To gain a better understanding of the types of predictions made by this logistic regression model on the test set, let's view a confusion matrix of it's predictions.

In [None]:
confusion = pd.DataFrame(confusion_matrix(y_test, lr_preds))
confusion = confusion.div(confusion.sum().sum())
confusion.columns = ["Predicted Negative", "Predicted Positive"]
confusion.index = ["Actual Negative", "Actual Positive"]
ax = sns.heatmap(confusion, vmin=0, vmax=1, annot=True, fmt=".0%")
ax.set_yticklabels(ax.get_yticklabels(), rotation=0)
ax.collections[0].colorbar.set_ticks((0, .25, .5, .75, 1))
ax.collections[0].colorbar.set_ticklabels(("0%", "25%", "50%", "75%", "100%"))

Viewing the above confusion matrix, we can see that of all diagnoses made by the logistic regression model, around 97% of them are correct, while around 1% of predictions are false positives and 2% are false negatives.

To gain a better understanding of which breast mass features are the most significant, let's visualize the permutation importance of the features in our dataset.

In [None]:
permutations = PermutationImportance(lr_model, random_state=0).fit(X_test, y_test)
eli5.show_weights(permutations, top=None, feature_names=X_test.columns.tolist())

As we can see, the worst texture of the digitized cell nuclei image of a breast mass seems to be the most significant feature, while the standard error of the image concavity seems to be the least significant.

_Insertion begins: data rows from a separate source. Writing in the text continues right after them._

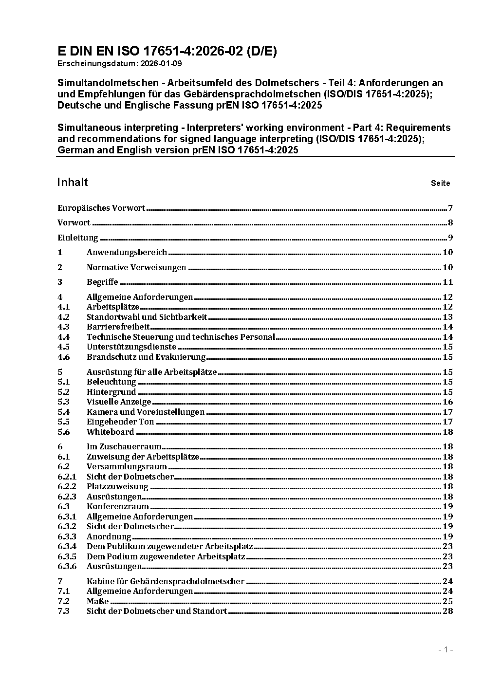 Simultaneous interpreting - Interpreters' working environment - Part 4: Requirements and recommendations for signed language interpreting (ISO/DIS 17651-4:2025); German and English version prEN ISO 17651-4:2025
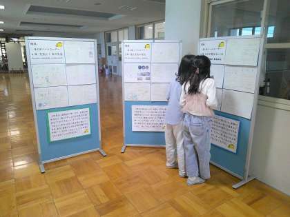理科室の前には、生活と結び付けて予想したり、実験結果を表や図にまとめたりして分かりやすく書いたものが掲示されています。自分のノートの取り方の参考にしようと見にくる子もいます。
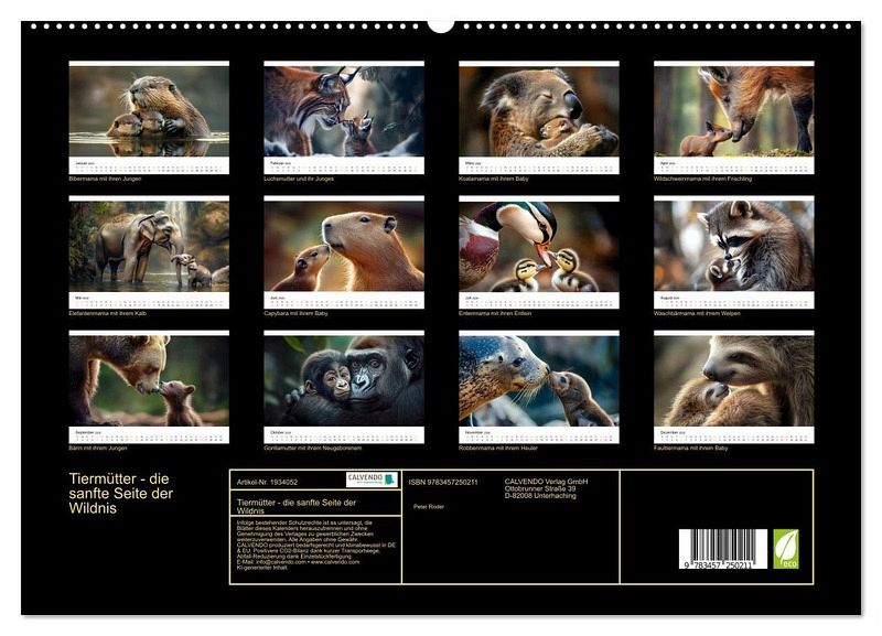 Erleben Sie die unbeschreiblichen zärtlichen Augenblicke zwischen Tiermüttern und ihren Jungen. Kommen Sie mit auf eine visuelle Reise voller Liebe, Fürsorge und unvergesslicher Momente. Monat für Monat erhalten Sie mit diesen liebevoll gestalteten KI-Bildern faszinierende Einblicke in das Leben wilder Tierarten, die in ihrer Zärtlichkeit und Stärke die Natur auf einzigartige Weise verkörpern. Von der Elefantenmama mit ihrem Jungen bis zur Gorillamama mit ihrem Nachwuchs, jedes Bild erzählt eine Geschichte der tiefen Verbindung zwischen Mutter und Kind - bewegend, kraftvoll und einzigartig. Das perfekte Geschenk für Tierliebhaber, Naturschützer oder jeden, der das Herz berühren möchte.
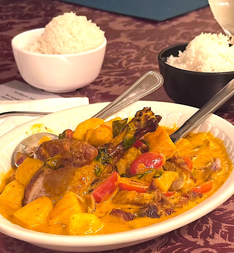 Wei says: “This is roasted duck done in fresh red curry. Very rich. You can feel the difference between that and the Penang Curry with Chicken, which is good but everyone is sweating from the level of spice”.
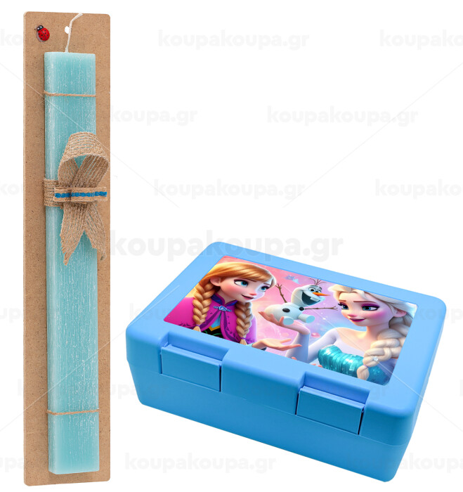 Elsa & Anna Princess, Easter Set, children's snack container BLUE & Easter aromatic flat candle (30cm) (TURQUOISE)
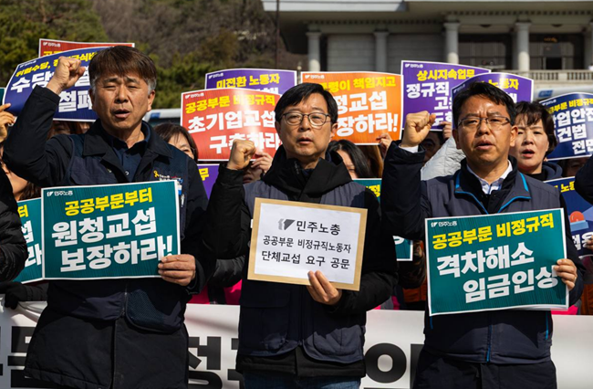 이양수 민주노총 부위원장은 “공공부문 비정규직 노동자들은 공무원과 동일한 공공서비스를 제공하면서도 저임금과 고용불안을 감내하고 있다”며 “기관별 단체교섭을 시도했지만 예산과 인건비 기준이 정부 지침에 묶여 있어 실질적인 변화가 어려웠다”고 말했다. 이어 “정부가 예산과 지침으로 임금과 처우를 결정한다면 사용자로서 책임 있게 교섭에 나서야 한다”고 밝혔다.
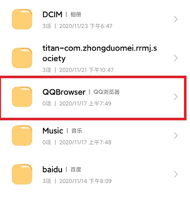 3、在“手机”下找到“QQBrowser”文件夹,点击打开即可查看到了。
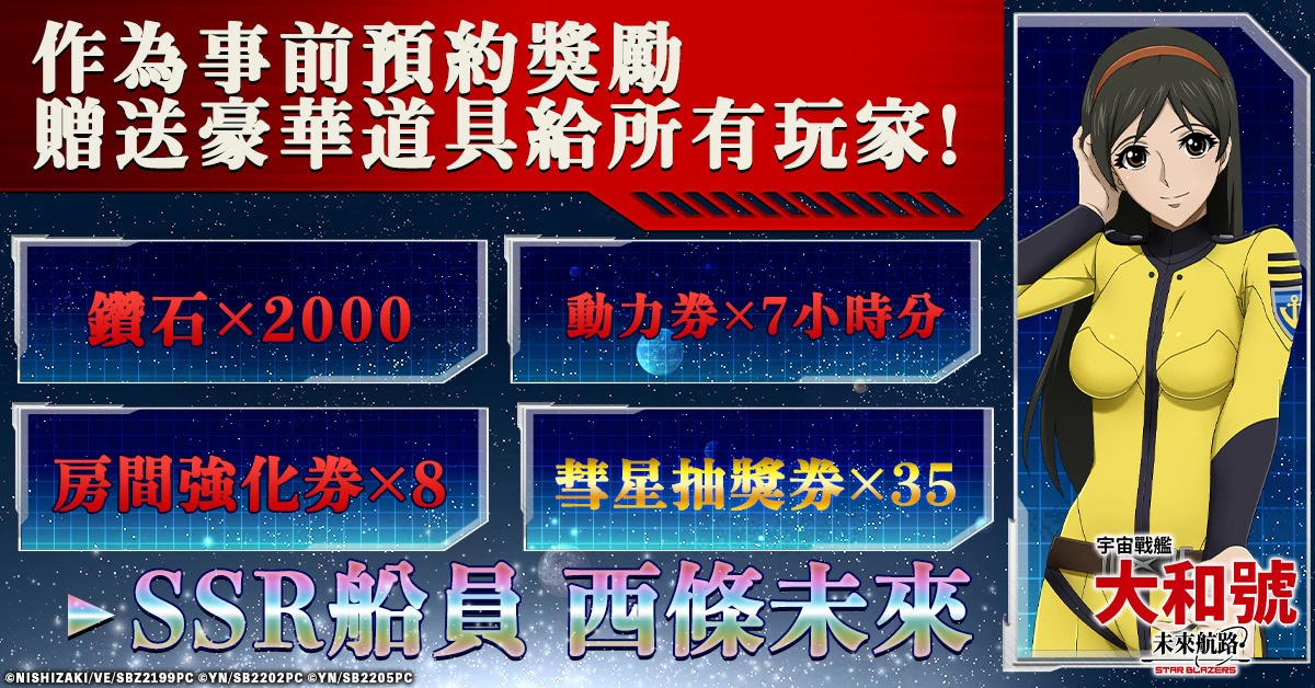 <事前预约达成奖励>钻石×2000、动力券(1分)×120、动力券(1小时)×5、房间强化券 ×8、彗星抽奖券×35、SSR船员「西条未来」。
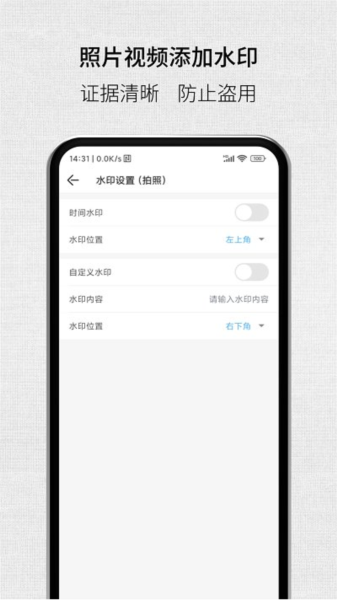4、自定义水印功能:允许用户在拍摄的照片和视频中添加个性化水印,增强证据的真实性和可信度。
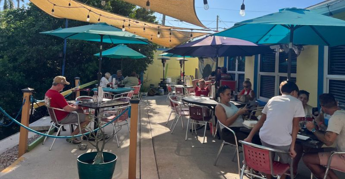 There is a little waterfront spot in Southwest Florida where the painted walls are bright, the seafood is fresh, and the locals keep coming back week after week. It sits right on the edge of a canal, and on a good day, the breeze off the water carries the smell of something delicious straight to you before you even reach the door.

Let's build partial dependence plots of the 5 most significant features to view their impact on breast tumor malignancy.

In [None]:
feature_names=X_test.columns
top_features = ("texture_worst", "radius_se", "perimeter_se",
                "area_se", "compactness_se")
for i, feature in enumerate(top_features):
    pdp_feature = pdp.pdp_isolate(lr_model, X_test, feature_names, feature)
    pdp.pdp_plot(pdp_feature, feature)

As we can see viewing the above partial dependence plots, the probability of breast tumor malignancy steadily increases as the worst texture, or radius, perimeter and area standard errors respectively increase, while the probability decreases as the compactness standard error goes up for the digitized cell nuclei image of a breast mass.

## Final Remarks

Training a logistic regression model on a dataset of digitized cell nuclei images of breast masses, we were able to build a breast cancer diagnoser with a test accuracy of about 97% and a test F2-Score of about 96%. Using this logistic regression model, we were able to find that the worst texture, and the standard error of each of the radius, perimeter, area, and compactness of these images were the best individual indicators of breast tumor malignancy. Other features such as the worst smoothness and standard error of the concavity proved to be the worst. Despite the high accuracy and F2-Score achieved by this machine learning model, further improvements can certainly be made to further reduce the errors, most importantly the false negatives, made by this model. Using the above and further feature analysis, one could remove unnecessary features and/or further engineer these features to perhaps improve upon these results.